The two largest providers in the Rhode Island would control at least 70% of the inpatient general acute care and inpatient behavioral health markets, the Rhode Island Attorney General's Office and Federal Trade Commission said. The two regulators will file a complaint in federal court seeking a temporary restraining order and preliminary injunction to stop the deal, which the Providence-based not-for-profit systems initially proposed in September 2020.
"If this extraordinary and unprecedented level of control and consolidation were allowed to go forward, nearly all Rhode Islanders would see their healthcare costs go up for healthcare that is lower in quality and harder to access, and Rhode Island's healthcare workers would be harmed," Rhode Island Attorney General Peter Neronha wrote in a 150-page report.
While some merger and acquisition experts claim that the state boundaries are too narrow when measuring competition, the combined health system would still have dominant market shares after looping in the surrounding Massachusetts towns, according to the FTC's analysis.

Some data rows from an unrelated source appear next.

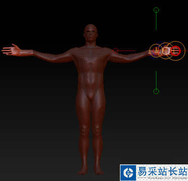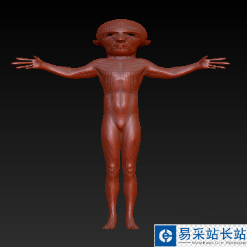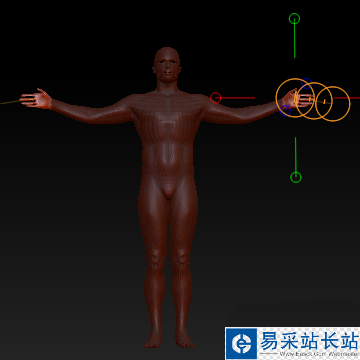 在ZBrush中使用一些特殊縮放工具特性能使模型變形,這里以實例展現特殊縮放變形效果,將人物的兩只手放大,制作出一個怪物的形態。
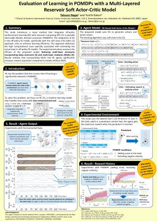 永井さんは、連続値を扱う多層構造を用いたレザバー強化学習モデルを提案して、部分観測空間における学習能力の向上を示しました。
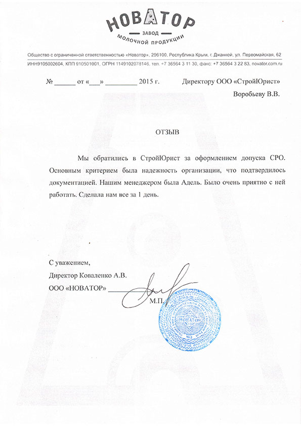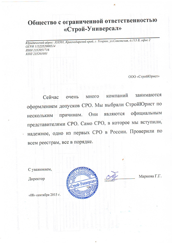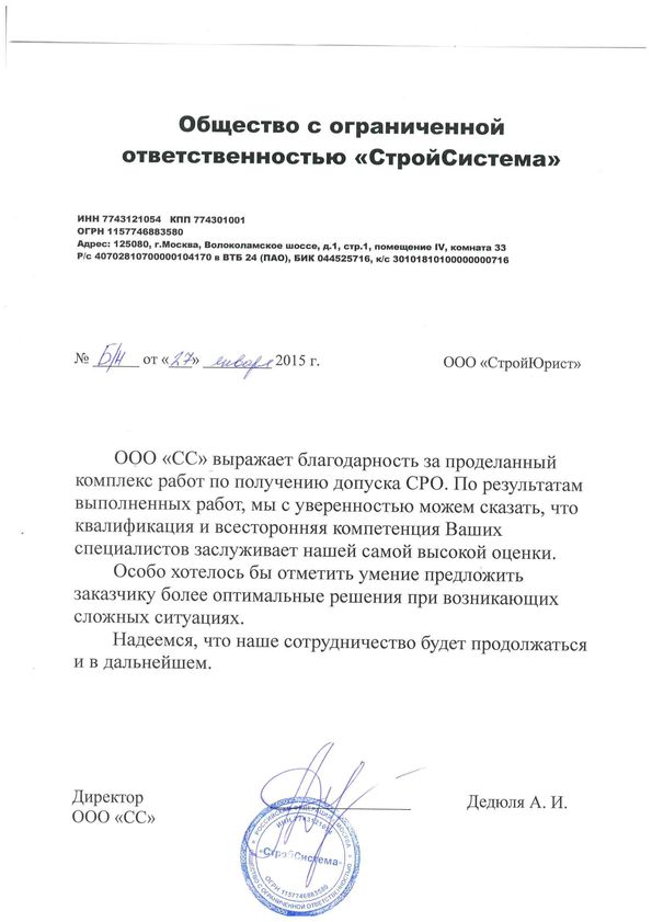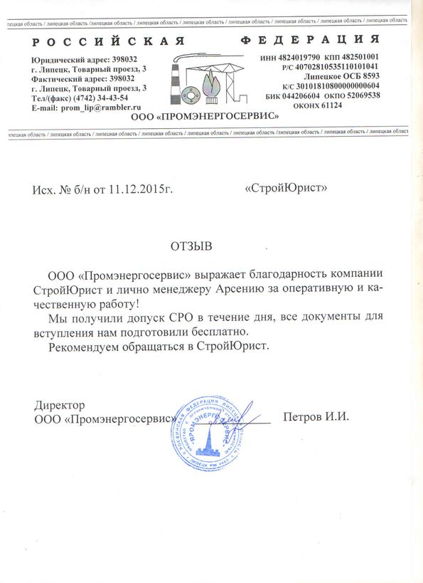 Отзывы клиентов "СтройЮрист" по вступлению в СРО в Балаково
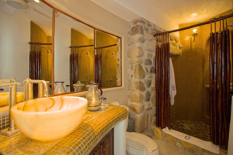 | The openings above the bedroom walls have been glassed-in to allow for air-conditioning. | The bathrooms have been re-tiled, with new sinks, fixtures, mirrors and lighting. But they still have that giant open-air shower. |
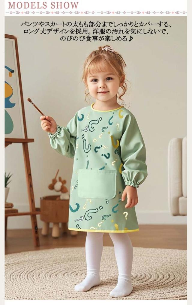 | ・食べこぼしを気にせずに、お食事タイムをもっと楽しく!キッズ用ロング丈スモックが新登場。 ・パンツやスカートの太もも部分までしっかりとカバーする、ロング丈デザインを採用。洋服の汚れを気にしないで、のびのび食事が楽しめる♪ ・キュッと絞れるゴム入りの袖口で、幼稚園や保育園でのランチタイムはもちろん、外食やよそ行きの服装の時でも大丈夫! ・スモッグ前面の幅広ポケットが食べこぼしをしっかりキャッチするから、後片付けも手間いらず。 ・生地の表面は、食べ物の汚れやドリンクの水滴をサッと弾くはっ水加工済みなので、お手入れ簡単、いつでも清潔に使えるのが嬉しいポイント! 90サイズ〜110サイズまで、お子さまの成長に合わせてチョイスできる豊富なサイズ展開も魅力。 | |
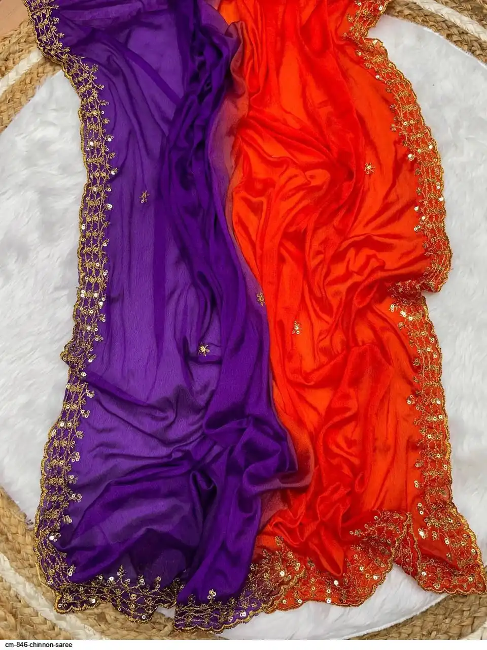 Soft Hand Dyeing Chinnon Saree With Heavy Embroidery Sequence And Jari Work And Border Arca
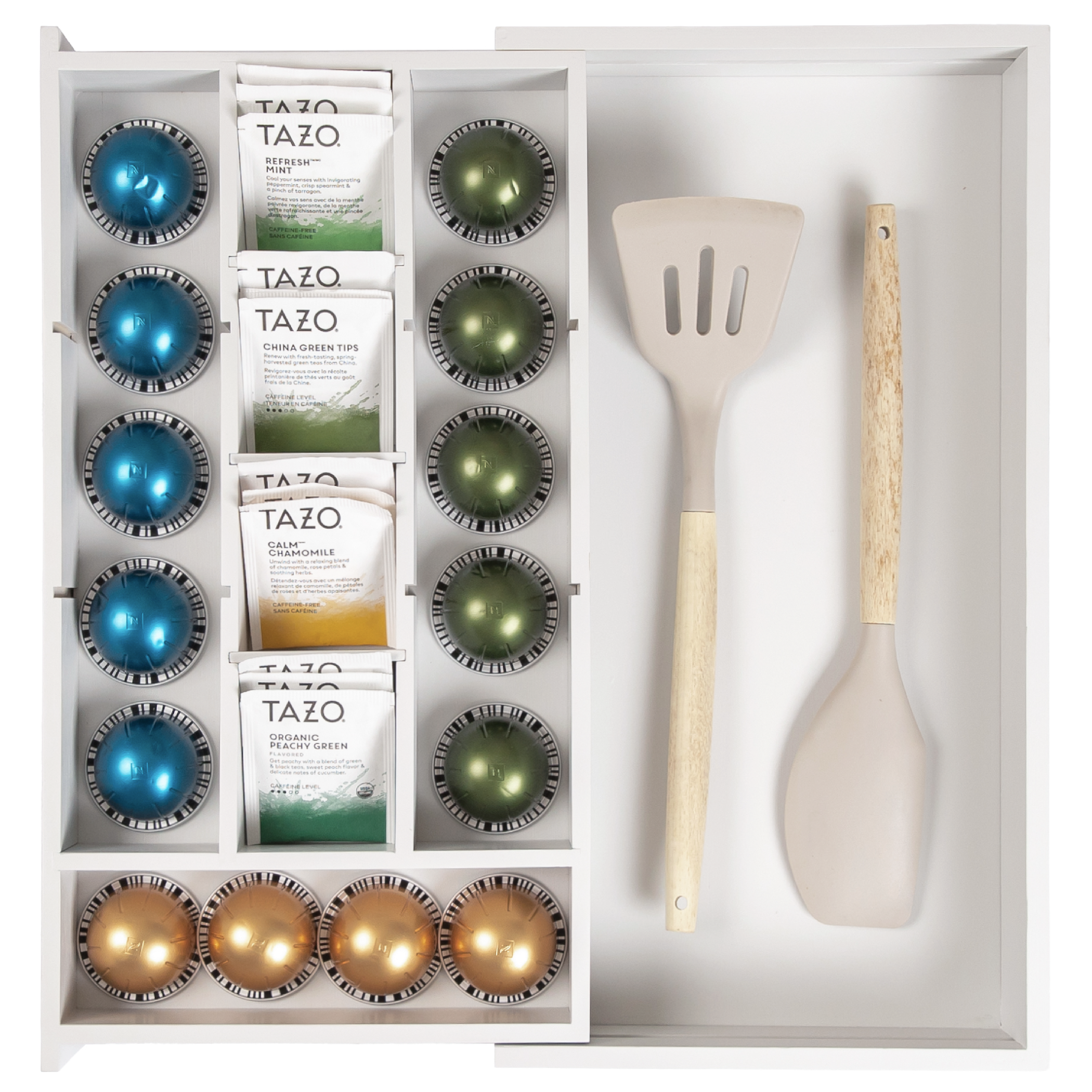This white bamboo organizer adds a modern, stylish touch to your kitchen, providing an elegant way to neatly display and organize tea bags and coffee pods instead of storing them messily in drawers.
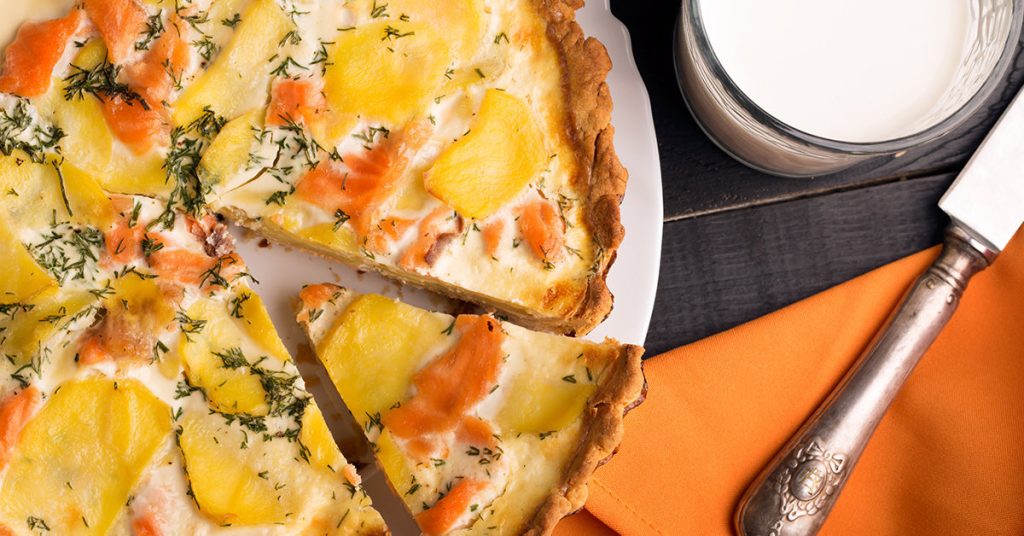 Este alimento es rico en vitaminas A y D, que ayudan al cuerpo a absorber el calcio y a mantener los huesos y los dientes sanos. El queso también es rico en vitaminas del grupo B, entre las que destaca la B12, la B9 (ácido fólico), la B1 (tiamina) o la B2 (riboflavina). ¿Cómo mejorar el rendimiento intelectual y deportivo? Entre las 3 raciones de lácteos que debemos tomar por día, según marcan las principales guías de alimentación, siempre será una buena idea que alguna de ellas sea queso. En la imagen, una quiche de salmón.
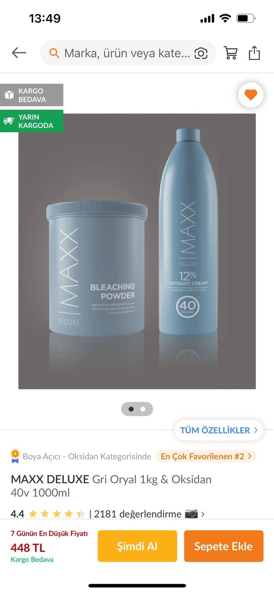 Okidandan 1 çay bardağı kadar kullanıldı. Toz olandan 1 yemek kaşığı kadar kullanıldı artık sarı olmadığım için satıyorum. MAXX DELUXE gri oryal 1kg ve %12 oksidan krem içerir. Profesyonel kalitede etkili saç açma sağlar.
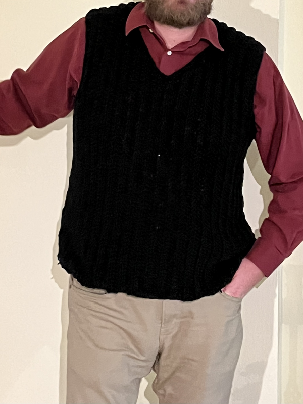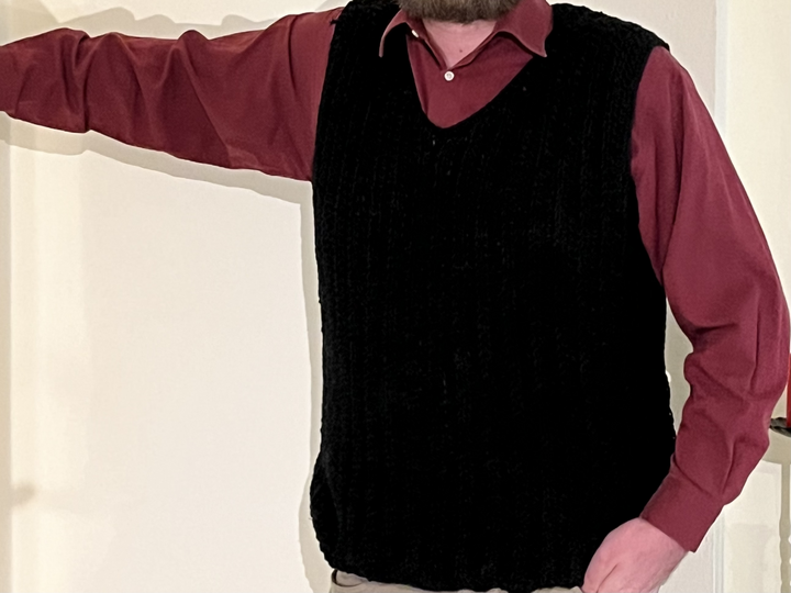 Dieser Pullunder besticht mit seinem Muster, das besonders für Einstiger geeignet ist. Das Kleidungsstück besteht fast komplett aus hinten eingestochenen halben Stäbchen. Dadurch entsteht eine Art Mini-Zopfmuster, das den Pullunder elegant erscheinen lässt. Durch die hinten eingestochenen Maschen wird der Pullunder etwas dicker und ist dadurch perfekt für kalte Tage.
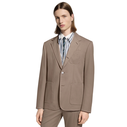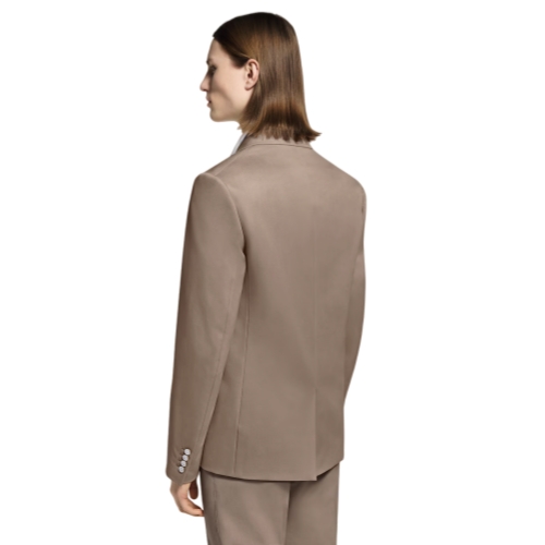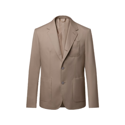 This pale beige single-breasted jacket is tailored with a relaxed fit in fine cotton-silk blend suiting. LV Crown insignia adorns the chest pocket while the notch lapel can be turned up to become an officer collar. Mother-of-pearl effect buttons add a distinguished accent. This piece can be styled as a chic blazer or as a modern suit with matching pants.
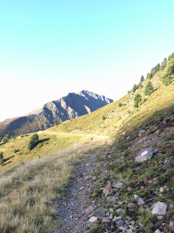 Direkt vor dem Stall der Nassereinalm (2.041 m), steigt man über undeutliche Wegspuren rechts über die Weidefläche bergauf und gelangt auf den oberhalb sichtbaren Karrenweg. Auf diesem wandert man weiter bergauf, bis man den gelben Wegweiser auf 2.140 m erreicht hat. Hier folgt man der Beschilderung zum Schwarzsee nach links und gewinnt so über mehrere Kehren schnell an Höhe. Da diese Tour bereits von Beginn an oberhalb der Waldgrenze verläuft, hat man das Glück, auf jedem Schritt von einem einzigartigen Panorama begleitet zu werden. Auch die Morgensonne ist in dieser Höhenlage meist angenehm und nicht zu heiß.
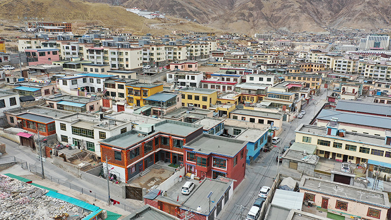 圖為2021年3月10日拍攝的玉樹市一角(地震時(shí)為扎西科臨時(shí)安置點(diǎn))。
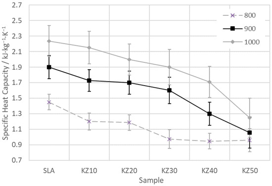 The specific heat capacity of the kaolin–zeolite samples at temperatures of 800, 900, and 1000 °C is presented in Figure 13. The heat capacities of samples KZ30, KZ40, and KZ50 at 800 °C are almost the same. At temperatures of 900 and 1000 °C, the trend of the heat capacity is similar. Zeolite in the samples causes a decrease iin the specific heat capacity. The difference between samples SLA and KZ50 at 1000 °C is 0.99 kJ∙kg−1∙K−1, which is about 80%.

The merged system would still control at least 60% of the inpatient market and 50% of the inpatient behavioral health market.
Commissioner Rebecca Kelly Slaughter and Chair Lina Khan focused on the labor market impact.
"Just as consumers are worse off when mergers diminish competition for goods and services based on price, quality and innovation, workers suffer when mergers diminish competition for their labor and employers are insulated from competition driving improved wages, benefits, working conditions and other terms of employment," they wrote in a concurring statement. "We take seriously concerns about competition in labor markets and will be vigilant in probing the effects mergers may have on competition for workers' labor."
Executives from Lifespan, Care New England and Brown University—which would be an affiliate of the new system—said in statements that they were disappointed with the decision.
"We thought it was the right thing to do, but now we will need to move on to a new path forward," CNE CEO Dr. James Fanale said. "There is always a path forward, and we will explore all options to find the best possible—and acceptable to regulatory bodies—solution for access to affordable, quality, healthcare."
Care New England and Lifespan have partnered for decades but haven't been able to formalize merger talks.